• INFORMATION GIVEN:
########################################

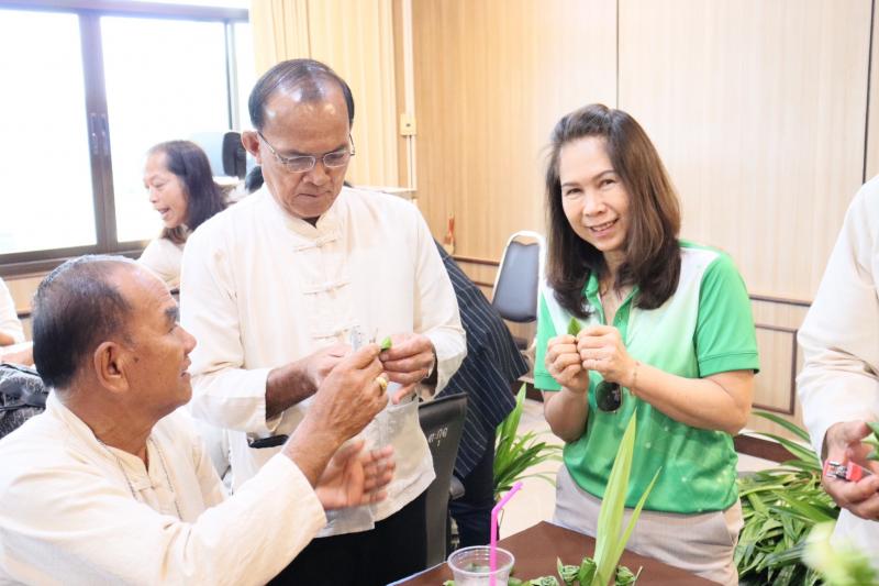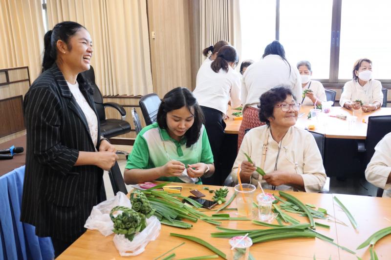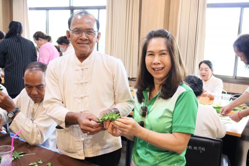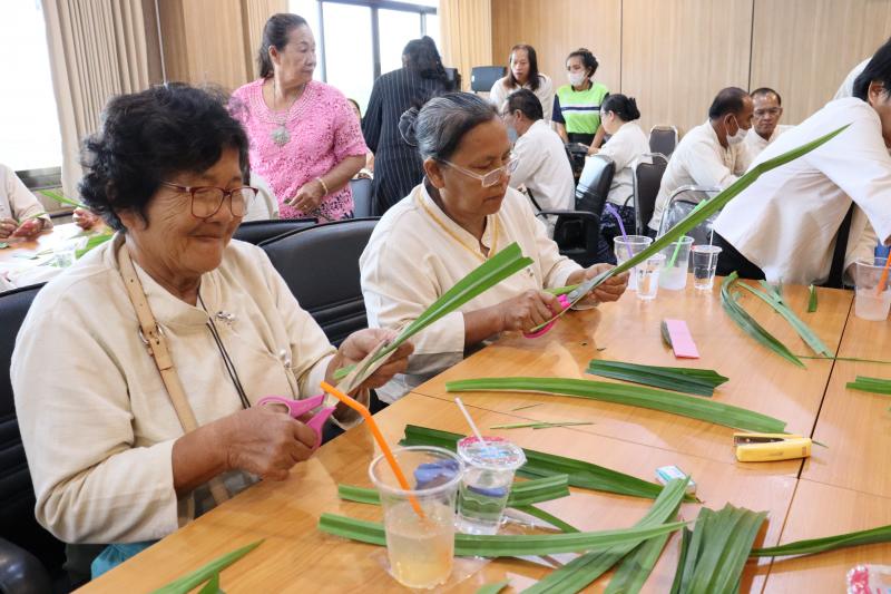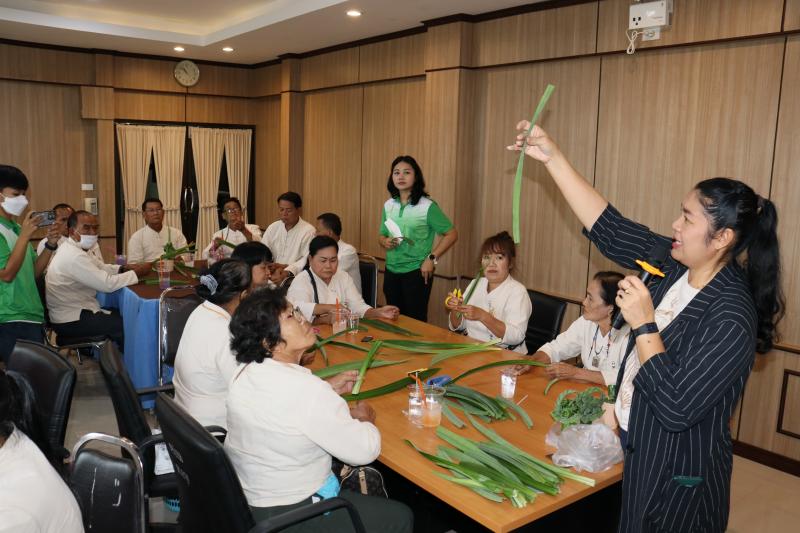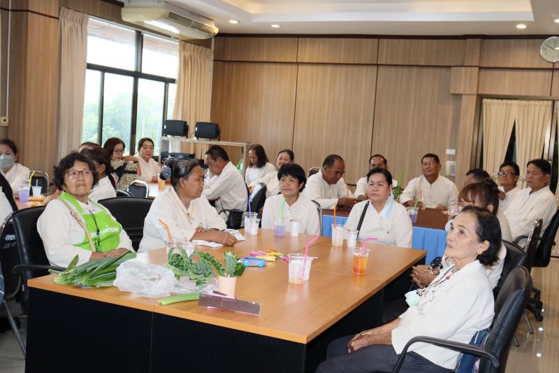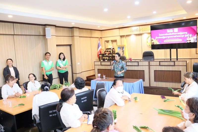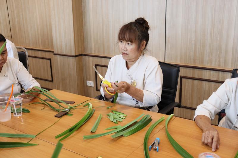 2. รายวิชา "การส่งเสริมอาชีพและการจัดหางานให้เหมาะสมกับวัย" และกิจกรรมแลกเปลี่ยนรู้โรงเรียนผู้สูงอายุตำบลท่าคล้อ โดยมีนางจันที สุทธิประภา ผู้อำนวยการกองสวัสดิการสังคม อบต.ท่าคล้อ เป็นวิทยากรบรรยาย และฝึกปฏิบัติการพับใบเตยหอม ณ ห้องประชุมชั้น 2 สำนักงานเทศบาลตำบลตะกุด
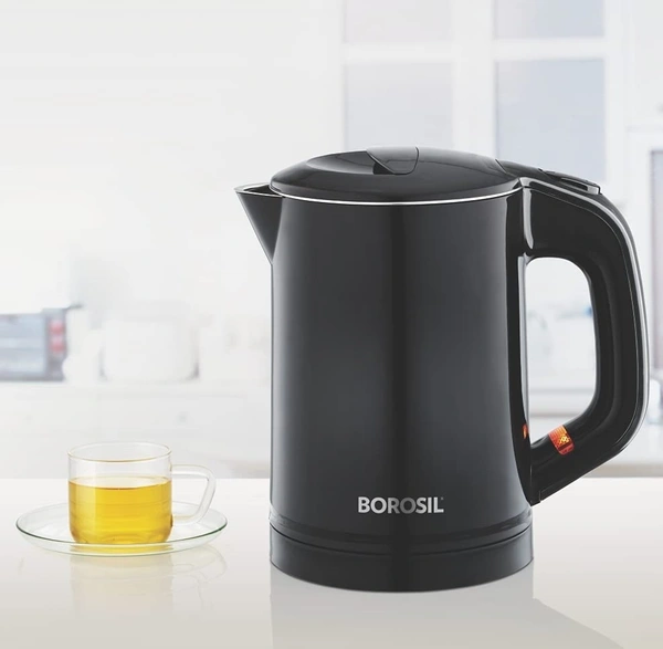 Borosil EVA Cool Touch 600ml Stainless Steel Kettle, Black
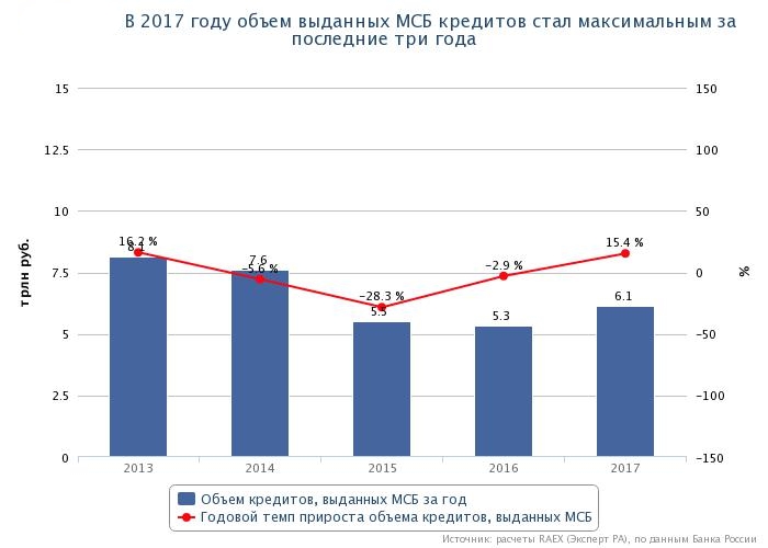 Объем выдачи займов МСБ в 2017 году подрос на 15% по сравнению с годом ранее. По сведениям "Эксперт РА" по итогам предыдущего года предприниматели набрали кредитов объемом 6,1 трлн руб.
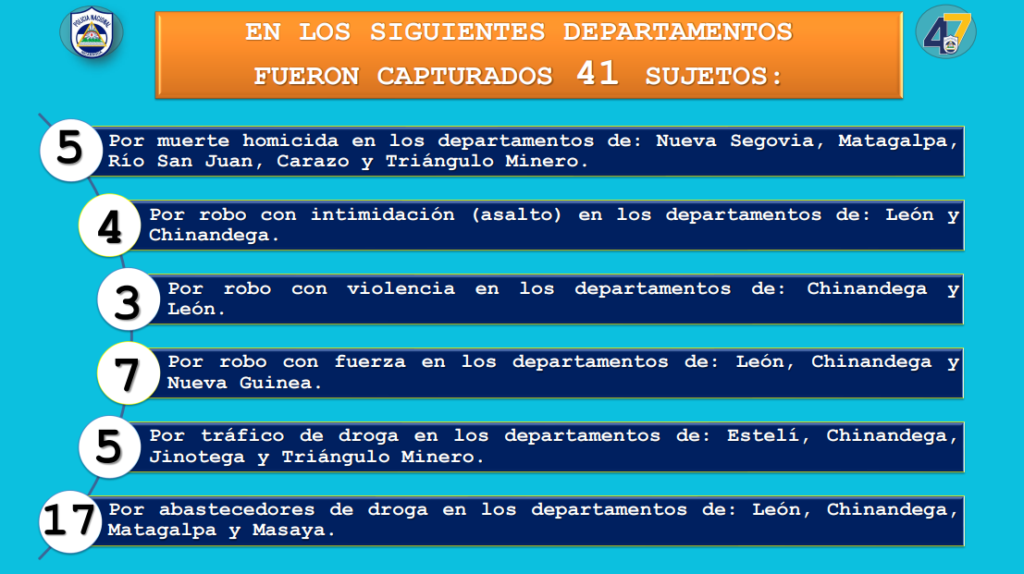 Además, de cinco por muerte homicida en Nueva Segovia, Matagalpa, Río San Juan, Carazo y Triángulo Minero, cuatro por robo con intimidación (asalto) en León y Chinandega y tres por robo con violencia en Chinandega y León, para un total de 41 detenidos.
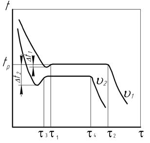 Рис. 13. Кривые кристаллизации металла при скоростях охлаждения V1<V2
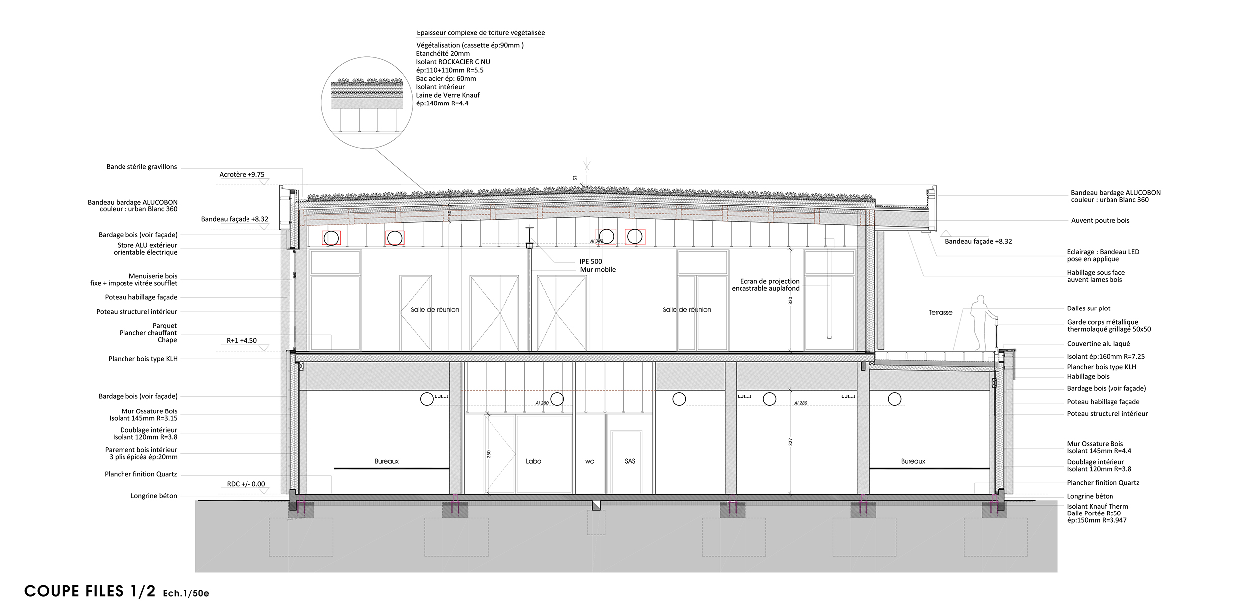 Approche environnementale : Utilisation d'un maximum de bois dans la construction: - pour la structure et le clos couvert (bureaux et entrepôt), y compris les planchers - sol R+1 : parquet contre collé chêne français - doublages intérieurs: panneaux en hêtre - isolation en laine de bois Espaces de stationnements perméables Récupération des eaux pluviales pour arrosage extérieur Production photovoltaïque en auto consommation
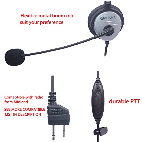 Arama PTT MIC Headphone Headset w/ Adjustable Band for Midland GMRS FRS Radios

########################################

• TASK ITEM:
Print, word for word, every entry shown above; the pictures stay out.

• WRITTEN SOLUTION:
 2. รายวิชา "การส่งเสริมอาชีพและการจัดหางานให้เหมาะสมกับวัย" และกิจกรรมแลกเปลี่ยนรู้โรงเรียนผู้สูงอายุตำบลท่าคล้อ โดยมีนางจันที สุทธิประภา ผู้อำนวยการกองสวัสดิการสังคม อบต.ท่าคล้อ เป็นวิทยากรบรรยาย และฝึกปฏิบัติการพับใบเตยหอม ณ ห้องประชุมชั้น 2 สำนักงานเทศบาลตำบลตะกุด
 Borosil EVA Cool Touch 600ml Stainless Steel Kettle, Black
 Объем выдачи займов МСБ в 2017 году подрос на 15% по сравнению с годом ранее. По сведениям "Эксперт РА" по итогам предыдущего года предприниматели набрали кредитов объемом 6,1 трлн руб.
 Además, de cinco por muerte homicida en Nueva Segovia, Matagalpa, Río San Juan, Carazo y Triángulo Minero, cuatro por robo con intimidación (asalto) en León y Chinandega y tres por robo con violencia en Chinandega y León, para un total de 41 detenidos.
 Рис. 13. Кривые кристаллизации металла при скоростях охлаждения V1<V2
 Approche environnementale : Utilisation d'un maximum de bois dans la construction: - pour la structure et le clos couvert (bureaux et entrepôt), y compris les planchers - sol R+1 : parquet contre collé chêne français - doublages intérieurs: panneaux en hêtre - isolation en laine de bois Espaces de stationnements perméables Récupération des eaux pluviales pour arrosage extérieur Production photovoltaïque en auto consommation
 Arama PTT MIC Headphone Headset w/ Adjustable Band for Midland GMRS FRS Radios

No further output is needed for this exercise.